SkipToMainContent

Malware

Keyloggers 101: A definition + keystroke logging detection methods

Someone types on their laptop keyboard, possibly being recorded by a keylogger.

December 3, 2021

Think about everything you do on a computer or phone in a given day. You might compose work emails, sign in to
social media, chat with friends, search for information, check your bank account, shop for products — things so ordinary you may not even remember them all. 

Now imagine finding out someone had been hiding behind you, watching every single key you typed. 

Keylogging, also known as keystroke logging, is the act of recording a user’s keyboard interactions and device activity. Though it can be performed legally, it’s also a form of data monitoring that hackers and identity  thieves use to acquire people’s personal information. There may not be anything inherently unethical about a keylogger, but in the hands of a malicious user, a keylogger can cause serious damage. 

Keylogger-based malware has become another dangerous weapon in cyberattackers’ arsenals. It’s important to understand what a keylogger is, how to spot one, how to prevent keylogging malware, and how to secure your personal information.

What is a keylogger?

A keylogger (or keystroke logger) is a type of software or hardware used to track and record what someone types on their keyboard. Keyloggers can be used legally (some people even install them on their own devices), and you may have even used a computer with software installed to log keystrokes for monitoring and ensuring safe or approved use. 

But what keylogging means for everyday users is very different from what it means for cybercriminals. Malicious actors can also use them to capture your personal and financial information, PIN codes and account numbers, credit card numbers, usernames, passwords, and other sensitive data — all of which can be used to commit fraud or identity theft.

How keylogging works

An explanation of keylogging is paired with hands at a computer keyboard being monitored by a keylogger.


Keystroke trackers are readily available, and there may be one installed on the very device you’re using to read this. The software itself isn’t necessarily problematic if you signed an agreement to use the device it’s installed on or if it was packaged in your device’s software suite. What makes these tools problematic are issues of actor intent and victim consent. 

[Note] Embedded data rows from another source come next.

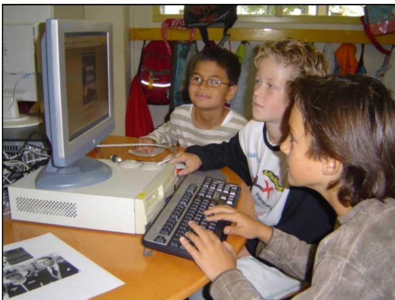
De computer wordt zo vanzelfsprekend mogelijk ingezet in alle bouwen, en dankzij de inzet van de systeembeheerder functioneert ons netwerk

We werken op school met computers. We maken gebruik van programma's die de methode ondersteunen. Ook maken we gebruik van het Kurzweilprogramma voor
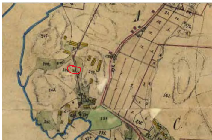
Markering av mindre byggnad där i dag syns en grund

en mindre byggnad där det idag finns en grund. Det kan inte utläsas om det är ett bostadshus eller uthus men av grunden att döma är det en enklare byggnad.
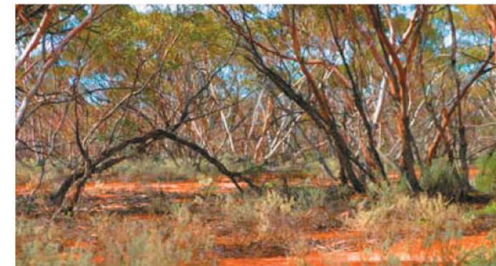
Mallee-Vegetation, wie man sie in Westaustralien findet

Viele Gewächse aus Australien sind zwar sehr gut an Hitze und Trockenheit angepasst, kommen aber mit unseren Schweizer Wintern kaum zurecht. Dies ist denn auch ein Grund, warum nur wenige „Australier“ den Sprung in unsere Gärten geschafft haben. Im Botanischen Garten zeigen wir vor allem eine Auswahl von Kübelpflanzen und Einjährigen, weil selbst die milde Lage am Altenbergrain nicht ausreicht, um die zarten Geschöpfe aus dem Süden das ganze Jahr draussen zu halten. So wird der Eukalyptusbaum, die Futterpflanze der Koalabären, vor dem ersten Frost in die sichere Orangerie gebracht.
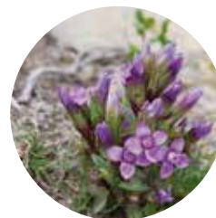
Gentiane des champs ( Gentianella campestris )
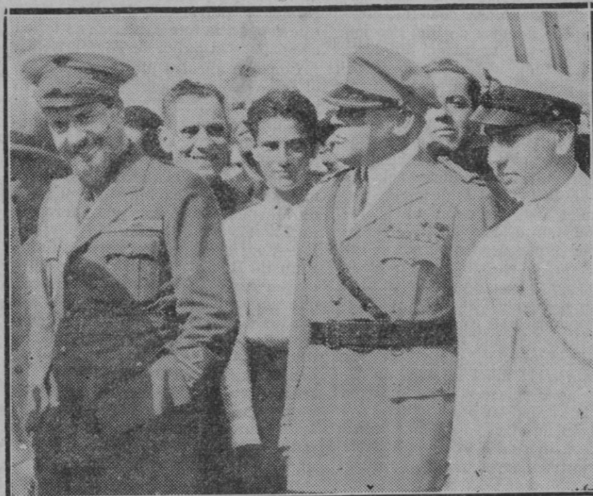
LISBOA. — LA LLEGADA DE BALBO.—Honrie el general, en los momentos del desembarco, ante el éxito incomparable de su empresa de aviación al frente de la escuadrilla italiana

Si a más de estas conveniencias, tan fácilmente apreciables, se registran en el tráfico de pasajeros en la expresada línea cifras tan importantes como la registrada ayer, ¿con qué razón se nos podrá negar la mejora que pretendemos?
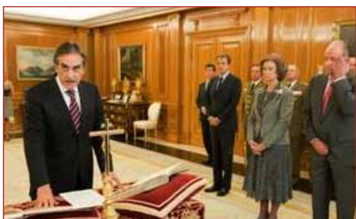
Foto: Toma de posesión de D. Valeriano Gómez Sánchez.

Por Real Decreto 1325/2010, de 20 de octubre, D. Valeriano Gómez Sánchez ha sido nombrado nuevo ministro de Trabajo e Inmigración, en sustitución de D. Celestino Corbacho Chaves , quien ha dejado su puesto para reforzar, como número tres, las listas del PSC para las elecciones catalanas del 28 de noviembre. El nuevo ministro, jiennense de Arroyo del Ojanco, nació en 1957 y ya ha servido a este ministerio como asesor ejecutivo (de 1988 a 1994) y como secretario general de Empleo (de 2004 a 2006). Licenciado en Ciencias Económicas y Empresariales, trabajó como economista en el Gabinete Técnico de la Comisión Ejecutiva Confederal de UGT, y fue administrador único de la cooperativa de viviendas de UGT, PSV, entre 1994 y 2003. También fue director general del Fondo de Promoción de Empleo del Sector Siderúrgico Integral entre 1986 y 1987. Ha dirigido el Seminario de Empleo del Instituto Universitario de Investigación José Ortega y Gasset y ha sido consejero del Consejo Económico y Social.
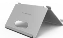
DS-KAB8350 Supporto da tavolo
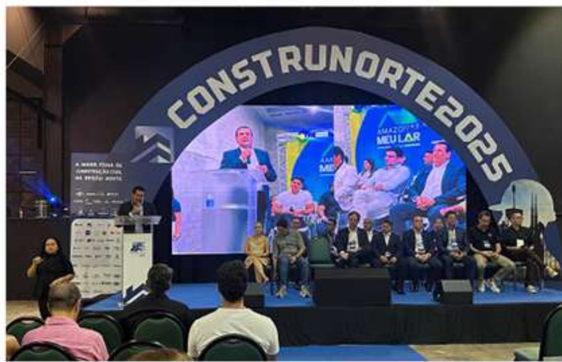
Com estandes distribuídos em módulos de nove metros quadrados, a feira recebeu um público formado por gestores de obras, arquitetos, engenheiros, projetistas, varejistas, atacadistas e outros

Entre os dias 12 e 14 de novembro, a Câmara de Dirigentes Lojistas de Manaus (CDL Manaus) participou da CONSTRUNORTE 2025, considerada a maior feira da construção civil do Norte do Brasil, realizada no Studio 5 Shopping e Convenções. O evento marcou o retorno de uma das principais vitrines do setor na região, reunindo mais de 100 expositores, entre startups, grandes indústrias nacionais e locais, entidades de classe, incorporadoras, institui-

Whether the use is legal or illegal, all keylogging mechanisms work essentially the same way. They record every keyboard interaction a user has, allowing a third party to see a complete log of every email, instant message,  search query, password, username, or other keyed sequences that user types. Keystroke malware comes in a  variety of forms: 

  • Phishing emails: By clicking a link or downloading an attachment in a phishing email, text message, instant  message, or social media post, you could accidentally download malware designed to track keystrokes. 
  • Trojan viruses: Named after the giant wooden horse Greece used to infiltrate Troy during the Trojan War, hackers  trick users into downloading a Trojan virus by disguising it as a legitimate file or application.
  • Zero-day exploit: A zero-day exploit happens when hackers discover latent software security flaws and use them  to deliver malware through tactics like malicious webpage scripts and Trojans. Developers learn of the vulnerabilities too late to protect users. These are particularly dangerous because once the systems are infected, they then become more susceptible to further attacks.
  • Infected systems: Keyloggers can take advantage of an already-infected device or system and install other malicious software into that system. 

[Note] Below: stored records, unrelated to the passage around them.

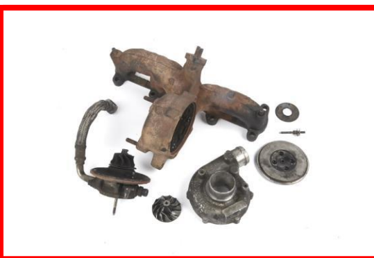
Figura 2 – Turbosuflyanta dezasamblata
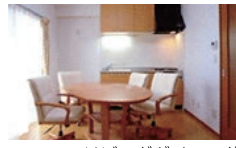
リビングダイニング
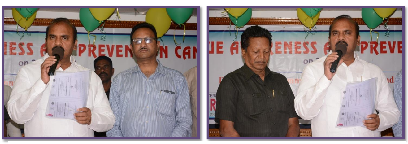
Speech by Sri. Prathipati Pulla Rao, Honourable Minister for Agriculture, AP
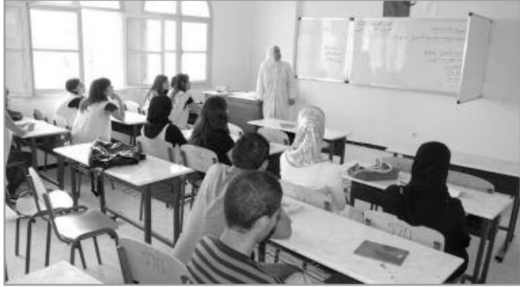
تلاميذ جعفر سعادة

وعليه فقد اقترح الإتحاد الوطني لعمال التربية "لوفاب"، ضرورة استحداث عطلة أبوية سنوية بنصف الأجر، لرعاية صحة الأبن المريض، وكذا استحداث منحة مكافأة جزافية خاصة بالعميل، لتمكين العمال والموظفين من الاستمتاع بعطلة رفقاة عائلاتهم، إلى جانب الرفع في منحة المرأة الماكثة بالبيت إلى 5 آلاف دينار، مع تخصيص منحة للمرأة العاملة المرضعة، والرفع المعتبر من القيمة المالية للمنحة الموجهة للأولاد من دون أي تمييز. إضافة إلى تخصيص منح قروض من الخزينة العمومية، معفاة من الضرائب وبدون فوائد، ليستفيد المربي من وسيلة نقل. وأما بخصوص الأجور؛ فقد أعدت النقابة جدول يبين كيفية حساب مبلغ النظام التعويضي بالنسبة للراتب الشهري، وعليه فقد تم التوصل إلى أن الراتب الموجه لمعلمي المدارس الابتدائية المصنفون في السلمين 7 و 10، سيقفز من 20 ألف دينار إلى 38 و 50 ألف دينار، في حين سيقفز الأجر الخام لأساتذة التعليم الأساسي في السلم 11، من 29 ألف دينار إلى 55 ألف دينار، كما أن أجور أساتذة التعليم الثانوي المصنفون في السلم 13 من 33 ألف دينار إلى 64 ألف دينار، مقابل ارتفاع في رواتب الأساتذة الرئيسيين للتعليم الثانوي، المصنفون في السلم 14 من 36 ألف دينار على 68 ألف دينار. وأما بالنسبة لموظفي التربية، فإن رواتب مساعدو التربية سيقفز من 20 ألف دينار إلى 38 ألف دينار، في حين ستقرر رواتب

Keylogging malware can infect your computer through many of the same mechanisms as other common viruses,  but it can also be intentionally purchased and downloaded. In short, keyloggers can either be tools or weapons,  depending on who is installing them and how they’re using the acquired information.

Types of keyloggers

For the general public, keyloggers are most commonly spread online via phishing scams, Trojan viruses, and fake websites. Hackers’ main goal is to obtain victims’ passwords, personal information, usernames, and banking information, enabling them to make bank transfers, open credit lines, and make purchases. Malicious keylogging mechanisms break down into two broad categories: software and hardware. 

Software-based keyloggers

Many software-based keyloggers have rootkit functionality, meaning they’re able to hide in your system. These Trojan-spy programs can track your activity (including keystrokes and screenshots), save the data to your hard disk, and then forward the information to cybercriminals. Some of them are also able to track everything from information copied to your clipboard to location data and can even tap your microphone and camera. These tools can reach you at a few different levels: 

Kernel level: These are complex and difficult to write, so they aren’t especially common. Once installed, keyloggers affecting your device at the core of its operating system are especially difficult to diagnose and eradicate, as they’ve essentially been handed the “keys” to your device.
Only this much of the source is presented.